Father’s Day weekend is a time to celebrate dad, but for many families, it’s a challenging time of year.
“Father’s Day has always been a really important day at Tuesday’s Children because Dad isn’t there. Seven out of eight of those lost on 9/11 were fathers, so we always try to do something fun,” said Terry Sears, executive director of Tuesday’s Children.
Tuesday’s Children, a group that offers support to those affected by the attacks on Sept. 11, invited families out to Citi Field to watch the Mets take on the Cubs on Thursday, enjoying sweet views from a private suite.
They even got a shoutout on the jumbotron.
Twin brothers Mike and Dan Friedman were 11 when their father, Andrew, was killed on 9/11.
“We always like to say ‘never forget.’ I feel like, Mike and I, we truly never forget. You know, our dad lives with us every single day,” Dan Friedman told CBS2’s Nick Caloway.
“I let myself think about it for a little bit every day, and then I have to keep going. Otherwise, it’s just too sad,” Ashley Bisman said.
Bisman was 16 when her dad, Jeffrey Goldflam, died in the attacks.
Two decades later, the grief remains.
“For the people affected, it will always feel like yesterday,” Bisman said.
Twenty years later, families are still becoming tragic victims of the attacks on Sept. 11.
Danny Ward was a police officer who worked for months in the recovery near Ground Zero.

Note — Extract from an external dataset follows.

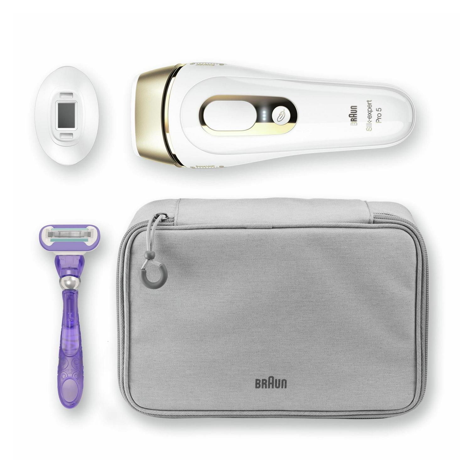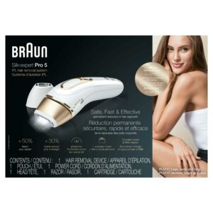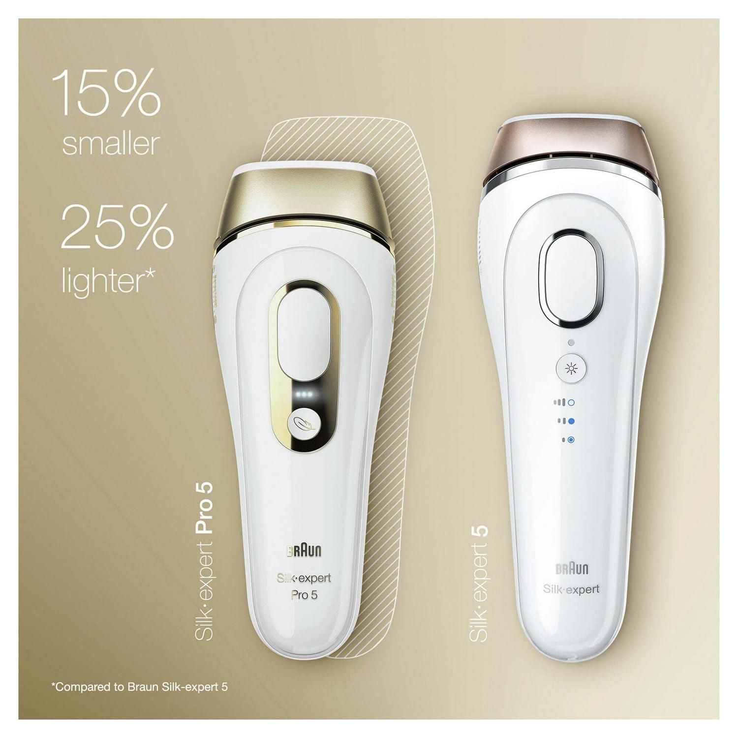 Silk expert Pro is Braun s latest generation IPL. Silk expert Pro 5 is the safest, fastest and most efficient IPL for permanent hair reduction in just 4 weeks. The safest IPL technology, clinically tested and dermatologically accredited as skin safe by an international skin health organization (Skin Health Alliance). It automatically and continuously adapts to your skin tone to ensure optimal balance between efficacy and safety. The fastest IPL, it s 2 times faster than previous Silk expert 5: both lower legs can be treated in less than 5 minutes. It includes a precision head to tackle the smaller areas such as the face, bikini line or underarms. New compact design, 15% smaller and 25% lighter, for easy handling and effortless treatment. 400,000 flashes, 30% more than previous Silk expert 5.
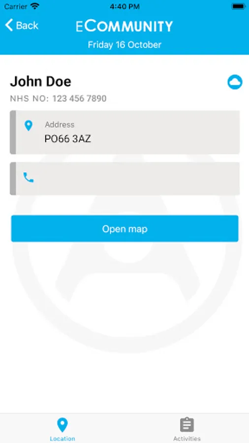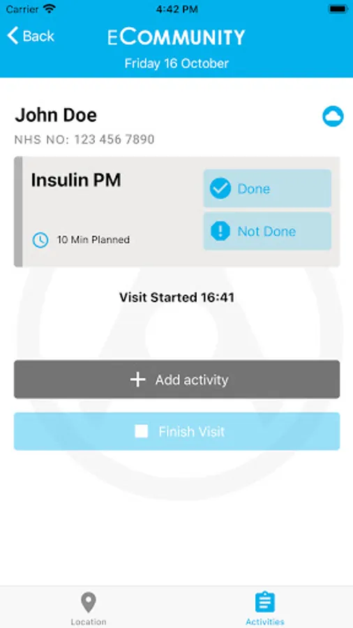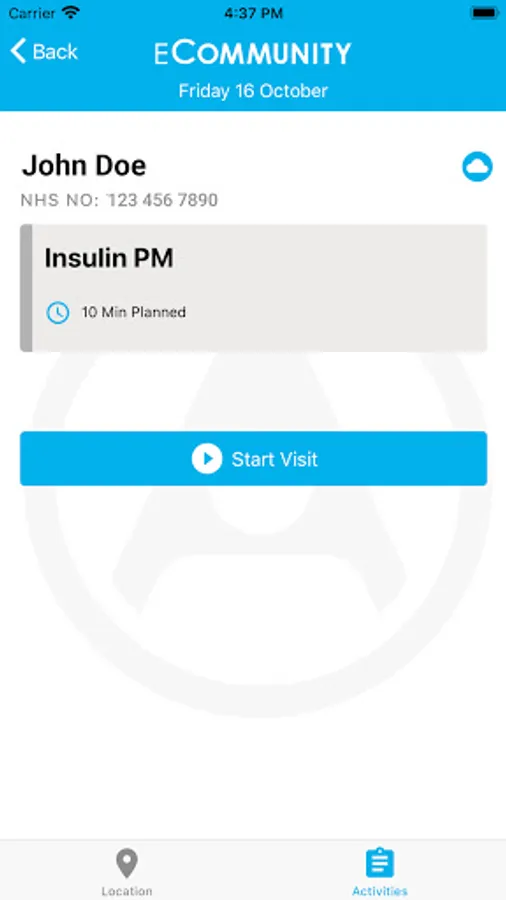 Mobile app for Clinicians to get a daily view of their schedule with patients' address and treatment details

He died in February 2020 of 9/11-related illnesses.
For his widow, Heather Ward, Father’s Day is now a brutal reminder that Danny is no longer here.
“It’s hard. It’s hard to see the dads with their children, and it’s not a jealousy thing. It’s just, it opens up the wounds that you think is finally closing,” she said.
For some, baseball is a special way to remember Dad, to bond and make new memories together.